Friday, December 06, 2019

Making Time for Big Picture Thinking

Adrian Granzella Larssen has written a terrific Fast Company article titled, "How to get out of the weeds and make time for big-picture thinking."  Larssen introduces executive coach Melody Whiting's perspective on why we often overload our schedules.  Whiting argues that a busy schedule reinforces our self-perceptions.  Here's an excerpt:
Source: Wikipedia

Everyone’s busy, and that’s not exactly by accident. Wilding’s take is something that might be uncomfortable to hear: “It makes us feel useful and wanted, and especially for people who are leaders or traditionally high achievers, that’s how they source their self-worth—via accomplishments and what they get done.”

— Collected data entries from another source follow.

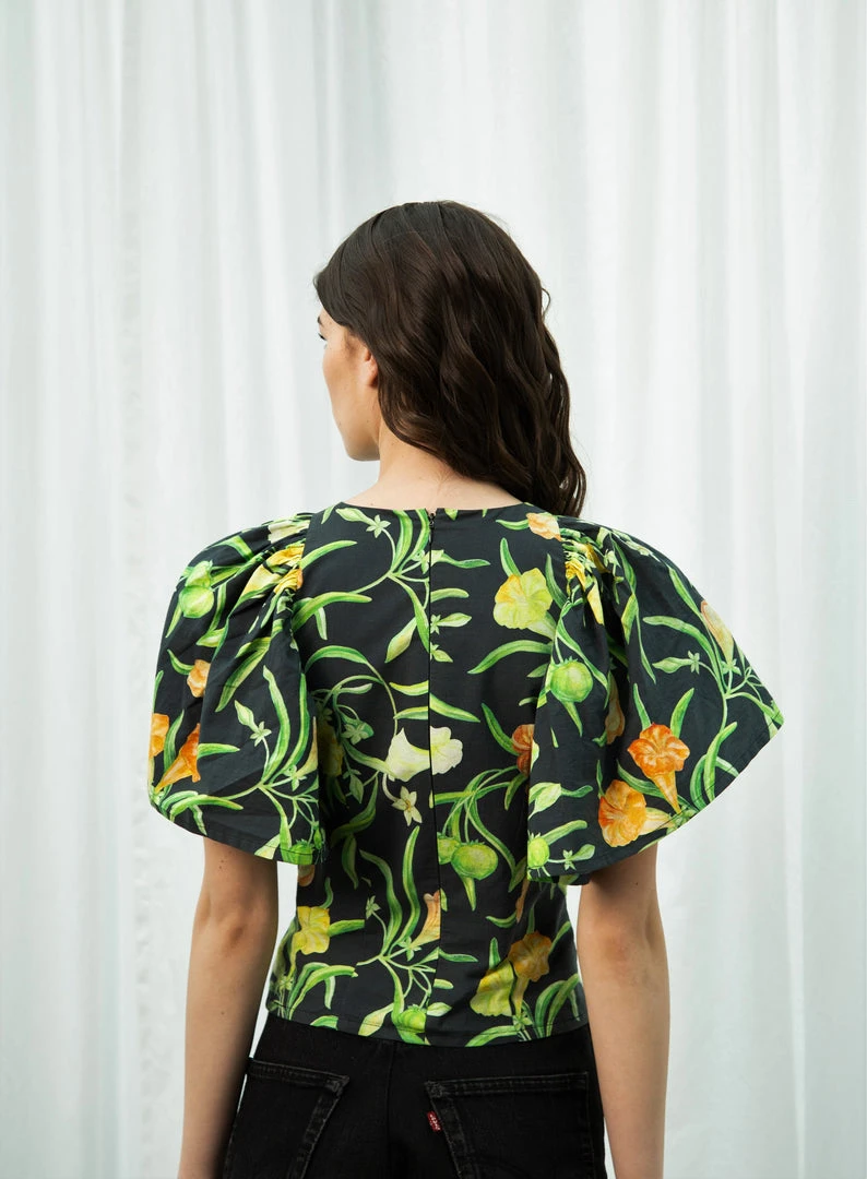 Cut from fine-spun organic cotton fabric and printed with bold Kaner flower-inspired designs this top sets the highest bar for sun-soaked style. A medley of floral and contemporary silhouette imbues this top with romance and flair. Style it with black trousers, ankle boots, or heels for a show-stopping seasonal ensemble. The take me to your workplace, or show me a good time on the beach top you’ll basically be eating, lazing, and working in this summer. Crafted with soft organic cotton fabric and designed with butterfly sleeves, this top’s floral print calls to mind our most beloved seasonal blooms.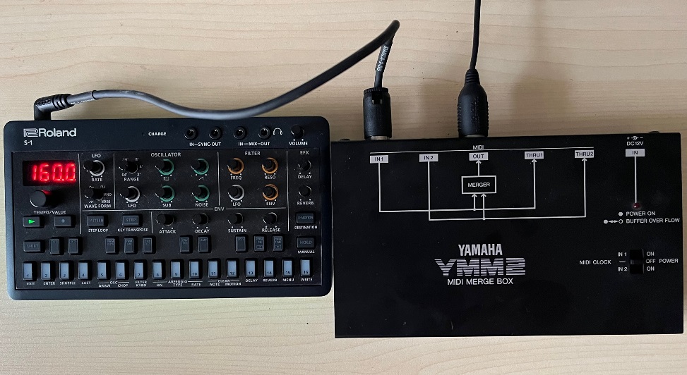使用デバイス(Roland S-1。MIDIのIN/OUTはつなぎなおし。PCとはRoland UM-ONE)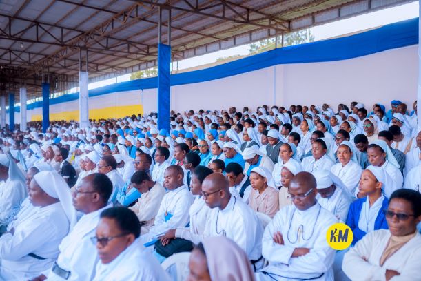 Nyuma yo guhabwa ibimenyetso bya gishumba, Abapadiri ba Diyosezi ya Kabgayi bamunyuze imbere baca bugufi nk’ikimenyetso cy’uko bazamwumvira, bakemera aho azabatuma hose.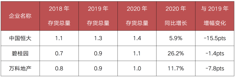 从企业角度而言,截至2020年底,存货规模达到万亿的房企有三家,分别是恒大1.4万亿元、碧桂园1.1万亿元和万科1万亿元,其中碧桂园和万科是首次进入万亿行列。

Larssen has some good suggestions for how to rethink the way we manage our time, so that we can have more time for strategic thinking and reflection.   I highly recommend the article.  Among other things, Larssen reminds us of the value of the Eisenhower Matrix, a simple diagnostic tool that the former president and military leader recommended for setting the right priorities.  

Monday, December 02, 2019

Why Entrepreneurs Don't Learn From Their Mistakes

Source: Flickr
Edinburgh University Business School Francis Greene has written a terrific, research-based article for the Wall Street Journal titled, "Why Entrepreneurs Don't Learn From Their Mistakes."   Greene challenges the fail fast philosophy espoused by many in the the start-up community, by arguing that the credo only works if we actually learn effectively from our mistakes.  However, Greene's research shows that entrepreneurs don't actually learn very well over time.   Greene explains:

While second-chance stories are comforting, my research shows that entrepreneurs don’t learn from their mistakes. In fact, it’s the opposite: Fail once and you’re most likely to fail again. Believing in the myth only sets entrepreneurs up for more failure—and leads to disappointment and frustration.

There are many reasons why this is so, but the most important is basic psychology: Learning is a complex process that usually doesn’t proceed as simply and obviously as we hope. We struggle to take away lessons about what went wrong and then apply those insights to new situations. Or we simplify our experiences and leave out key details that would help us get a complete picture of why things went wrong.

I should note that Greene's research focuses on whether entrepreneurs who experienced a failed startup are more likely to be successful at their next start-up than first-time founders.   The "fail fast" philosophy, of course, does not simply talk about learning from complete failures.  It describes an iterative, experimental, prototype-based approach to building a startup.   You hopefully don't fail completely, thus going out of business.   You encounter small experiments that fail, and you hopefully learn from their to improve your business model. 

Still, Greene's research resonates with me and is consistent with plenty of other research showing that humans are constrained in their ability to learn from failure.  We like to believe that failure is a wonderful professor, but we often don't derive the right lessons and make the correct changes in the aftermath of an unsuccessful event.   I highly recommend reading the article for more detail on why we struggle so badly to learn from our mistakes.